Research papers and Wikipedia pages that may be interesting if you found this topic interesting


Appendices

Code Review

Sub-Model Figures

References


Each dataset used in this paper consists of both confirmed true (positive) DoSS/AcSS and confirmed false (negative) AcSS/DoSS. Evaluation of classification performance is separated by splice site type, which means that one model is trained to distinguish between false/true DoSS regions and another is trained to distinguish between false/true AcSS regions. It is important to note that EnsembleSplice is tested on both imbalanced datasets (HS$^3$D) and balanced ones (Homo sapiens and Arabidopsis thaliana). See Table .

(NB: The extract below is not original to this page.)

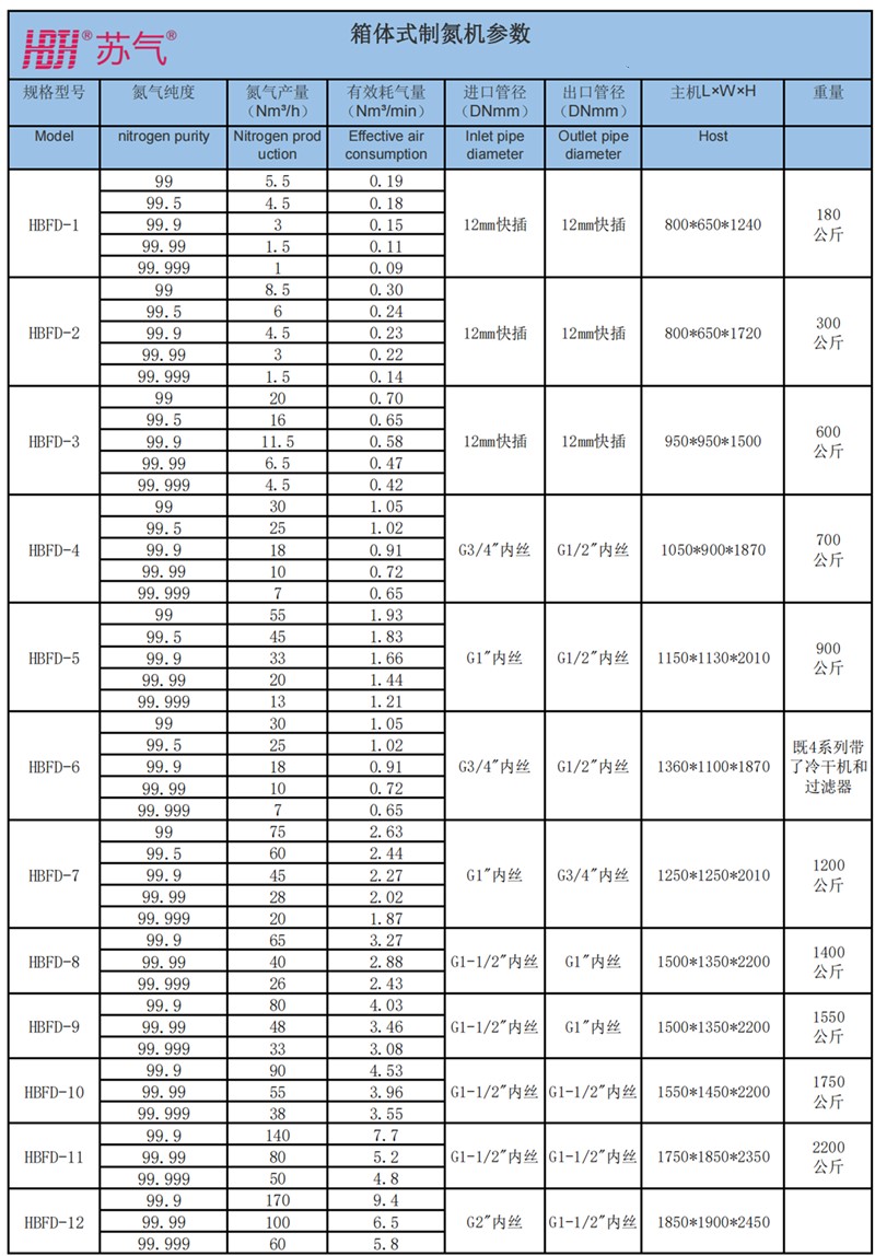 HBFD系列技術指標

The Homo Sapiens Splice Sites Dataset (HS$^3$D) consists of human genomic DNA introns and exons extracted from the Primate Division of GenBank Rel.123. There are 2,796 confirmed positive DoSS regions, 2,880 confirmed positive AcSS regions, 271,937 confirmed negative DoSS regions, and 329,374 confirmed negative AcSS regions. This paper randomly selects 10000 false DoSS regions and 10000 false AcSS regions from the 271,937 and 329,374 available in the dataset, respectively; the Python code random.seed(123454) is used to shuffle the entire HS$^3$D dataset before the false DoSS and false AcSS subsets are selected. The nucleotide consensus AG for AcSS regions occurs at positions 69 and 70, and the nucleotide consensus GT for DoSS regions occurs at positions 71 and 72. The HS$^3$D dataset can be accessed at http://www.sci.unisannio.it/docenti/rampone/.

The Homo sapiens and Arabidopsis thaliana datasets consist of splice site regions selected from annotated genomic DNA sequences for Homo sapiens and Arabidopsis thaliana in Ensembl . The peripheral nucleotide sequences padding each AcSS or DoSS were determined via Bedtools . Each splice site region in the datasets is $602$ nucleotides long; each DoSS region has consensus GT at positions $301$ and $302$, and each AcSS has consensus AG also at positions $301$ and $302$. In the Homo sapiens dataset, there are $250,400$ confirmed positive and negative DoSS regions, and $248,150$ confirmed positive and negative AcSS regions. The Arabidopsis thaliana dataset includes $110,314$ confirmed positive and negative DoSS regions, and $112,336$ confirmed positive and negative AcSS regions. The confirmed negative AcSS and DoSS regions were selected from chromosomes $21$, $2$, $2L$, $1$, and $I$. Again, this paper randomly selects $8000$ true/false DoSS regions and $8000$ true/false AcSS regions from both datasets. As with the HS$^3$D dataset, the Python code random.seed(123454) is used for shuffling the Homo sapiens and Arabidopsis thaliana datasets before the DoSS and AcSS subsets are selected. The Homo sapiens and Arabidopsis thaliana datasets can be accessed at https://github.com/SomayahAlbaradei/Splice_Deep.

We now propose EnsembleSplice, a DL architecture that consists of an ensemble of three CNN and three DNN sub-models, for the task of splice site detection. See Figure 2 for the full architecture.

The sub-models in EnsembleSplice generate predictions for whether genomic DNA input sequences are positive DoSS or negative DoSS, or if the AcSS model is being used, for whether the sequences are positive AcSS or negative AcSS. These binary predictions are then aggregated (stacked) into a new dataset, where each sub-model’s predictions become a column vector, and this dataset is then fed into a Logistic Regression classifier, which produces the final predictions for the inputted sequences.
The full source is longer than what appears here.